Guardianships & Conservatorships

A guardianship may be established for an adult if he or she lacks the mental capacity to take the steps necessary to insure his or her own health and safety.  For example, if a person with advanced Alzheimer’s Disease is living at home alone, a guardianship could be established to arrange for in-home care services or explore alternative living arrangements.   

A conservatorship can be established for any person who cannot manage his or her own money.   It is easier to get a conservator appointed by the court than a guardian, as proof of mental incapacity is not required.  Inability to pay bills, giving in to scams and fraud, or falling under the “undue influence” of a greedy relative or caregiver  are valid reasons to consult an attorney about setting up a conservatorship.

The only way to establish a legal guardianship or conservatorship in Oregon is through a court order.  The lawyer opens the case by filing a petition with the court.  The “petitioner” can be any person interested in the welfare of the proposed “protected person.”  The petitioner can also be the proposed guardian or conservator, or the petitioner can nominate a 3rd party to serve as the guardian or conservator.   A petition can request that either a guardian or conservator be appointed, or that both be appointed. 
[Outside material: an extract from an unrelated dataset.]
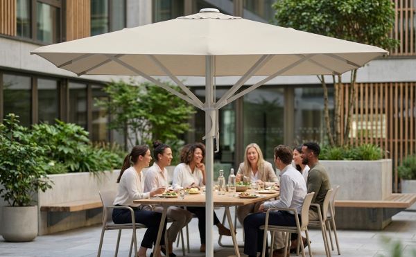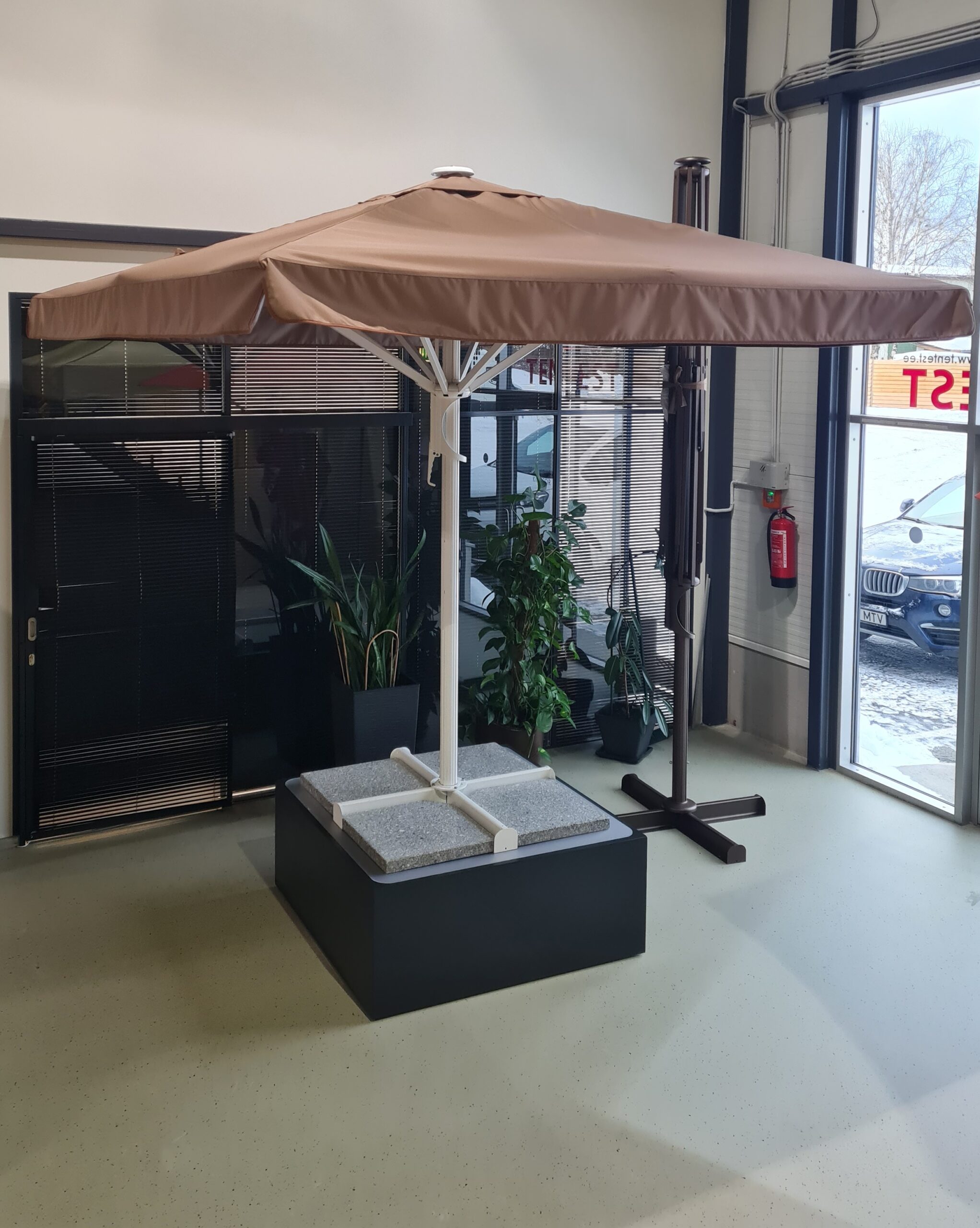 Detta premium parasoll med mittstång är idealiskt för utomhusevent, trädgårdar, terrasser och uteserveringar. Parasollet har ett enkelt öppningssystem och en täckning i slitstark, vatten- och UV-beständig polyester som dessutom är brandsäker. Ramen är tillverkad i vit aluminium och parasollet har en kubformad design som ger ett stilrent och modernt intryck.

Although guardianships and conservatorships are  court proceedings, it is rare that the people involved ever set foot in a courtroom.   Usually the attorneys handle everything with the court via mail, and when a guardianship is sought, the court appoints a “court visitor” to meet with the proposed protected person and interview the proposed guardian and other people involved.  The court visitor then makes a report to the court as to whether a court order is necessary, and if the proposed guardian is suitable and qualified.

Even though a guardianship and conservatorship can be accomplished through the mail, it is a very serious matter.  The proposed protected person loses many of their civil rights when a guardian is appointed for them.    Therefore the proposed protected person has the right be notified of the petition and has 15 days to decide whether to object, be represented by an attorney, and present evidence at a court hearing where the petitioner has the burden of proving that a guardianship is necessary.   In emergency situations, the petitioner’s lawyer can go straight to court and ask a judge for an immediate temporary order and give the notice to the proposed protected person afterwards.

Lake Oswego Elder Law attorney Ellyn Stier has represented petitioners, proposed protected persons, and proposed guardians and conservators at dozens of these types of hearings, and has always won her client’s case.  However, we are mindful of the emotional and financial costs of court hearings, and always look for ways to avoid court if possible, such as negotiating or mediating for a limited court order, or getting the petition withdrawn if the protected person will accept more help and create a revocable living trust.  A guardianship or conservatorship has to be designed to allow the protected person as much independence as possible.